**Provided data**.
•••••

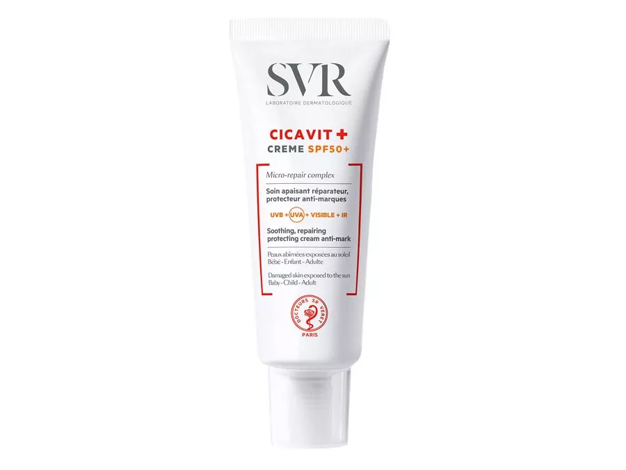 SVR - Cicavit+ Creme SPF50+ - hipoalergiczny krem oparty na formule przyspieszającej regenerację skóry, jednocześnie chroniąc ją przed szkodliwym działaniem promieni słonecznych. Nawilża i przeciwdziała ściągnięciu skóry podczas procesu gojenia. Za sprawą filtrów UVA i UVB zapewnia bardzo wysoką ochronę przed promieni: UVB, UVB, VIS, IR. Dla osób ze skórą wrażliwą, uszkodzoną, eksponowaną na działanie promieni słonecznych: otarcia, pęknięcia, spierzchnięcia, podrażnienia, świeże blizny, po zabiegach dermatologicznych (lasery, peelingi) lub chirurgicznych, po wykonaniu tatuażu. Odpowiedni dla dzieci od pierwszego dnia życia oraz dorosłych.
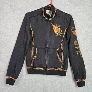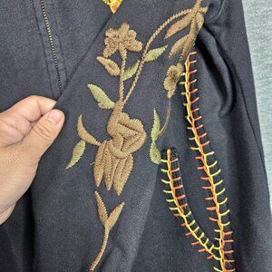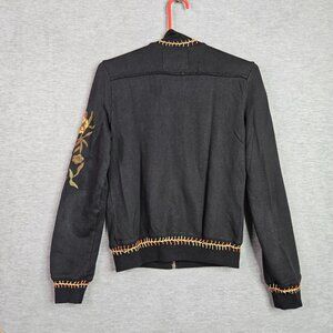Sugar Lips Women’s Black Embroidered Floral Full Zip Sweatshirt Size S
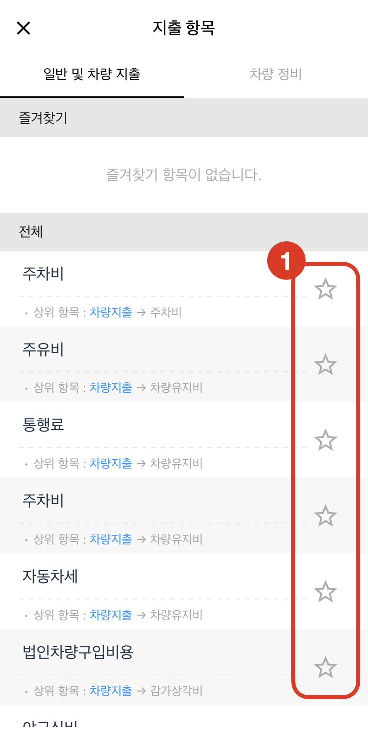 2. 지출 목록 중 등록할 항목을 선택합니다.
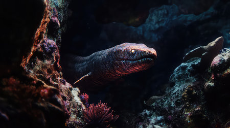 A stunning depiction of a deep-sea creature moving gracefully through a vibrant coral reef, illustrating the enchanting beauty of underwater ecosystems.
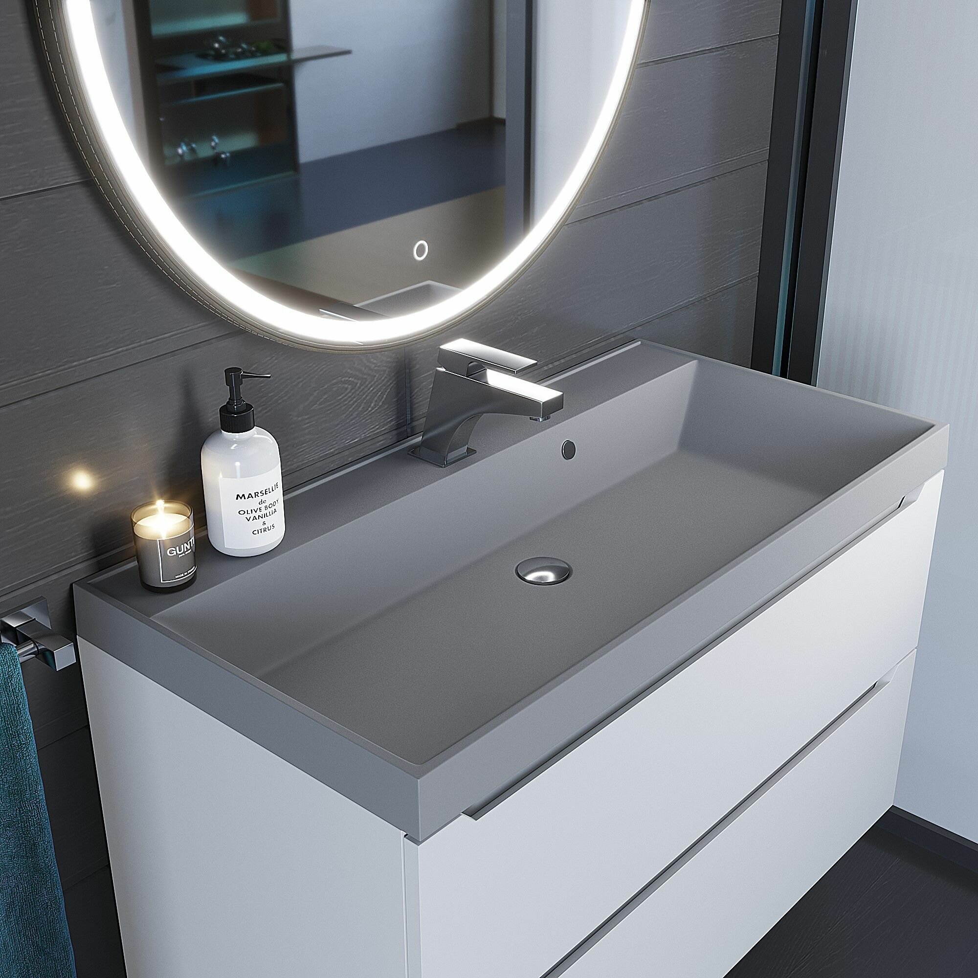 СохранитьРаковина для ванной кварцевая Uperwood Classic Quartz 100х45х15 см, серая матовая, бетон интересное:

•••••

**Required action**. Please write out every line of the listing above exactly, and leave the images behind.

**Exercise answer**.
 SVR - Cicavit+ Creme SPF50+ - hipoalergiczny krem oparty na formule przyspieszającej regenerację skóry, jednocześnie chroniąc ją przed szkodliwym działaniem promieni słonecznych. Nawilża i przeciwdziała ściągnięciu skóry podczas procesu gojenia. Za sprawą filtrów UVA i UVB zapewnia bardzo wysoką ochronę przed promieni: UVB, UVB, VIS, IR. Dla osób ze skórą wrażliwą, uszkodzoną, eksponowaną na działanie promieni słonecznych: otarcia, pęknięcia, spierzchnięcia, podrażnienia, świeże blizny, po zabiegach dermatologicznych (lasery, peelingi) lub chirurgicznych, po wykonaniu tatuażu. Odpowiedni dla dzieci od pierwszego dnia życia oraz dorosłych.
Sugar Lips Women’s Black Embroidered Floral Full Zip Sweatshirt Size S
 2. 지출 목록 중 등록할 항목을 선택합니다.
 A stunning depiction of a deep-sea creature moving gracefully through a vibrant coral reef, illustrating the enchanting beauty of underwater ecosystems.
 СохранитьРаковина для ванной кварцевая Uperwood Classic Quartz 100х45х15 см, серая матовая, бетон интересное:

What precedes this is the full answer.